Any help would be greatly appreciated

Answered by ErickNavarroD

Feb 25, 2025

I have been troubleshooting this and I finally got the job to run successfully!

I first tried using future.callr::callr instead of multisession, but the job failed too. I got the following error:

Error in `process_initialize(self, private, command, args, stdin, stdout, …`:
! Native call to `processx_exec` failed
Caused by error in `chain_call(c_processx_exec, command, c(command, args), pty, pty_options, …`:
! Cannot fork when running '/usr/local/lib/R/bin/R' (system error -12, Unknown error -12) @unix/processx.c:533 (processx_exec)
---
Backtrace:
 1. RAMEN::lmGE(selected_variables = selected_variables, summarized_methyl_VMR…
 2. foreach::foreach(VMR_i = iterators::iter(selected_variable…

View full answer

HenrikBengtsson · 2025-02-12T04:00:48Z

HenrikBengtsson
Feb 12, 2025
Maintainer

Hi. The part of the error message that says "The reason reported was ‘error reading from connection’. Post-mortem diagnostic: No process exists with this PID, i.e. the localhost worker is no longer alive." strongly suggests that the parallel worker was terminated for one reason or the other.
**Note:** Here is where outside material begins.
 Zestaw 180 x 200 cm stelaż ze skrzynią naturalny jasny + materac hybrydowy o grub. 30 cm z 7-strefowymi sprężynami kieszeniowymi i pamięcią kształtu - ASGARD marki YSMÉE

Before anything else, here are some observations for me to reason around this. First, you're using:

future::plan(multisession, workers = 8)

which means you're launching 8 parallel workers on the current machine, i.e. the compute node where Slurm runs your job. This is easier to reason about, compared to, say a set up that parallel across multiple compute nodes. That you use:

#SBATCH --nodes=1

fits this - it tells Slurm you want to get a slot on a single compute node.

Second, you're also specifying:

#SBATCH --cpus-per-task=30

So, technically, your could use up to plan(multisession, workers = 30). But as long as you belong the number of CPUs (=30) that that Slurm allots to you, you should be fine.
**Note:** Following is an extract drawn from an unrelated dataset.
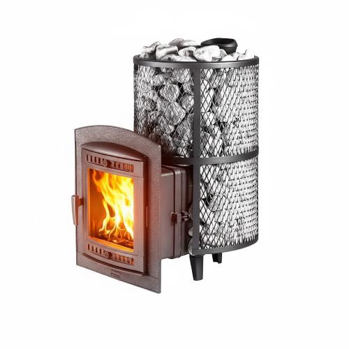 • Открытая каменка. Камни располагаются в специальном кожухе поверх топки, позволяя быстро прогреть помещение и давая экономию топлива.

Third, I see you request a slot with in total 360 GiB of memory and a runtime of 480 hours = 20 days;

#SBATCH --mem=360G
#SBATCH --time=480:00:00

Fourth, you're specifying:

options(future.globals.onReference = "error")
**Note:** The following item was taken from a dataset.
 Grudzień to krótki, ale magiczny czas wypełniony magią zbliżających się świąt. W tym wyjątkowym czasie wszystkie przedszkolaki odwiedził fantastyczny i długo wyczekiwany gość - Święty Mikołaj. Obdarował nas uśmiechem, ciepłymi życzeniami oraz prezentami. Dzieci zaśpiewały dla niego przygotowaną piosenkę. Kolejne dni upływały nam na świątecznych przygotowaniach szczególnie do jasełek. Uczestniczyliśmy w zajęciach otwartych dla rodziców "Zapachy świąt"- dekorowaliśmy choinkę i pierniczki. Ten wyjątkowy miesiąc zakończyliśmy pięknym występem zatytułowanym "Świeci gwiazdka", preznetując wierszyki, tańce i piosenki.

which means that you rule out most common cases where there is a risk that you're using objects that cannot be transferred to another R process.

Fifth, you're saying "I have ran the script successfully both with sequential and multisession plans interactively in R studio and in an R script in a reduced dataset", which further helps to rule out that you're using non-exportable objects.

Sixth, the information about global object sizes in the error message is there just in case there could be a large object that you didn't anticipate. Providing this information has helped others to track down OOM-killing problems. In this case, you have a 6+ GiB object ("‘genotype_matrix’ (6.21 GiB of class ‘numeric’)". This amount is added to the memory consumption of each parallel worker. I'm not sure if that is relevant given that you have requested 360 GiB of memory.

Assuming you're not running out of runtime (20 days), one guess is that you might be running out of memory and the Out-of-Memory (OOM) Killer terminates one or more of your parallel processes in order for your job to stay within the 360 GiB of memory it was given. If this is the case, you should be able to see this in the job log files that Slurm produces for you, cf. https://www.c4.ucsf.edu/scheduler/job-summary.html. Do you see anything suspicious in those log files?

My best guess is that the Slurm logs and the Slurm accounting data (sacct) have more clues on what is going on.

You're saying "I have ran the script successfully both with sequential and multisession plans interactively in R studio and in an R script in a reduced dataset." If that was on the same system, I expect you should be able to run this in vanilla R also, taking RStudio out of the equation, i.e. run Rscript myscript.R. If you can establish that with a small data example, then verify that you can run the same via your script above. That should work. If it does, that's a good clue. If it doesn't, that's also a good clue.

6 replies

HenrikBengtsson Feb 15, 2025
Maintainer

Sounds tricky. Another thing that can help to narrow in on the problem is to focus the "function_2" step and see if you can get that to fail alone.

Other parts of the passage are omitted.